Cada um desses elementos genéticos móveis podem ser transmitidos entre bactérias de uma mesma geração, em um processo chamado transferência horizontal de genes. Essa transferência ocorre majoritariamente a partir de três processos:
- Conjugação, na qual duas bactérias entram em contato direto através de suas pilli (estruturas presentes na superfície celular destes seres) para transferir genes presentes em plasmídeos ou em transposons.
- Transformação, que permite que bactérias competentes incorporem plasmídeos presentes no meio externo, provenientes de células mortas.
- Transdução, mediada por bacteriófagos, que são vírus capazes de infectar bactérias. Quando tais vírus se replicam, eles acabam incorporando parte do DNA bacteriano em seu capsídeo. Em seguida, os fagos podem injetar tais sequências de DNA em uma segunda bactéria, capaz de adquirir ou degradar tal material genético.


Dessa forma, os mecanismos de transferência horizontal de genes e os elementos móveis constituem uma fonte de interesse epidemiológico quando o assunto é resistência a antibióticos.
NGS na identificação de genes de resistência a antibióticos
A resistência a antibióticos foi inicialmente estabelecida através de testes de susceptibilidade antimicrobiana, nos quais um isolado é cultivado em um meio onde um determinado antibiótico esteja presente.
Embora estes ensaios ainda sejam executados em laboratórios de microbiologia e até mesmo existam equipamentos capazes de realizar o cultivo e os ensaios de susceptibilidade de maneira automatizada, eles possuem um custo elevado ao se considerar o tempo empregado para o cultivo (até duas semanas, a depender do microrganismo) e também os materiais e recursos necessários para o ensaio.

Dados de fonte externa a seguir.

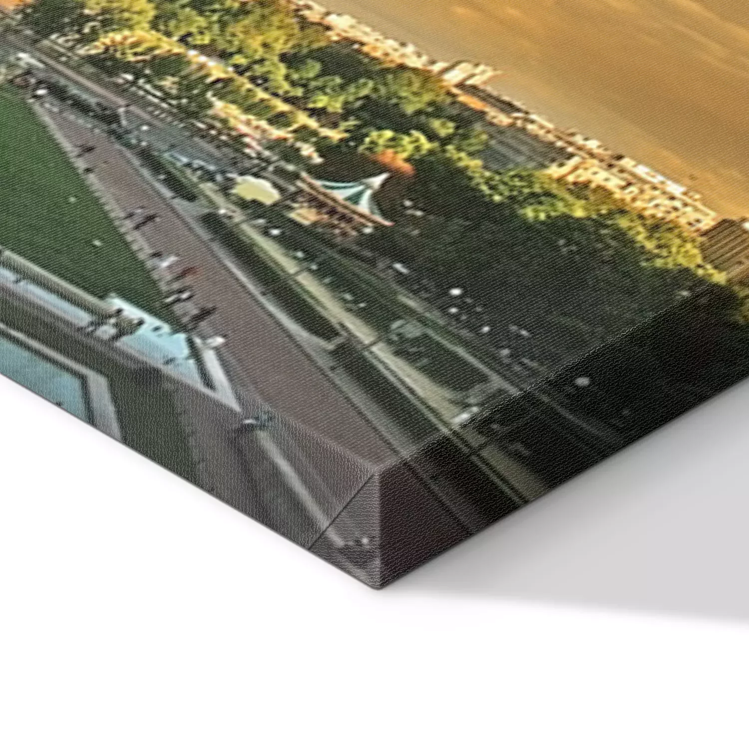 Das Motiv wird auf eine qualitativ hochwertige Leinwand gedruckt, die auf einen Blendrahmen gezogen wird. Da der Aufdruck die Seitenkanten bedeckt, muss das Bild nicht zusätzlich eingerahmt werden. Wir empfehlen außerdem Kompositionen aus mehreren Bildern, die ein harmonisches Ganzes bilden.

Diante da crescente necessidade de identificação dos genes de resistência na prática clínica e também dos inconvenientes que acompanham os ensaios de susceptibilidade aos antimicrobianos, os cientistas têm apostado em métodos moleculares.

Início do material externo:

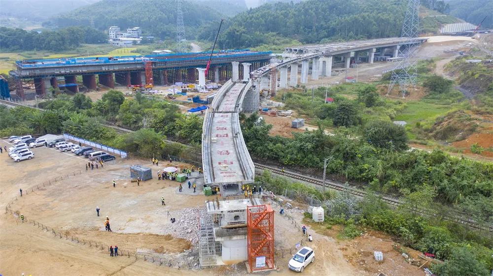截止目前,贵南高铁广西段桥梁工程整体进度已达到86%,进度保持适度超前,贵南高铁河池动货基地联络线1号大桥的成功转体,标志着全线控制性桥梁工程技术难题已全部解决,为加快工程进度打下了坚实的基础。

O advento da biologia molecular possibilitou a identificação de marcadores moleculares úteis no diagnóstico rápido de quadros onde a resistência medicamentosa possui algum papel, o que é essencial para a estratificação de risco de pacientes, como no caso daqueles com sepse.
PCR
A PCR é uma das técnicas moleculares mais utilizadas nesse contexto, auxiliando no diagnóstico e também na elucidação dos mecanismos de resistência a antimicrobianos.

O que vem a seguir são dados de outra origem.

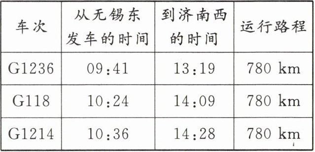 (2)根据列车时刻表知道,乘坐G118到达济南西所用时间$t' = 3.75\ h$,总路程$s' = 780\ km$,高铁运行的平均速度$v'=\frac{s'}{t'}=\frac{780\ km}{3.75\ h} = 208\ km/h$。

Esse método bastante tradicional, entretanto, não facilita a observação ampla da realidade genômica do microrganismo de interesse, Isto porque a técnica foca apenas em sequências e em genes pré-determinados, o que pode ser um problema especialmente em situações clínicas.
Sequenciamento de Nova Geração
Novas técnicas têm sido empregadas e padronizadas para a finalidade do estudo, do diagnóstico e do controle dos genes de resistência, como é o caso do Sequenciamento de Nova Geração.
As leituras obtidas através do Sequenciamento de Nova Geração (NGS), alinhado às ferramentas de bioinformática e aos bancos de dados de resistência a antimicrobianos, viabilizam a investigação não somente de isolados, mas também de amostras clínicas e ambientais através da metagenômica.
Além de aumentar a velocidade e diminuir os custos da identificação de patógenos, genes e mecanismos de resistência, o NGS também viabiliza estudos a partir de amostras obtidas na agropecuária, onde há um foco de surgimento de genes de resistência.
Desse modo, o sequenciamento de nova geração oferece grandes possibilidades para um campo no qual as demandas são muito urgentes. Talvez a oportunidade de controlar genes de resistência para além de hospitais e serviços de saúde, incluindo o campo, a pecuária e os sistemas de saneamento, possa viabilizar um futuro no qual tais ameaças sejam mantidas sob controle, aumentando a eficácia das terapias medicamentosas e o bem estar da população como um todo.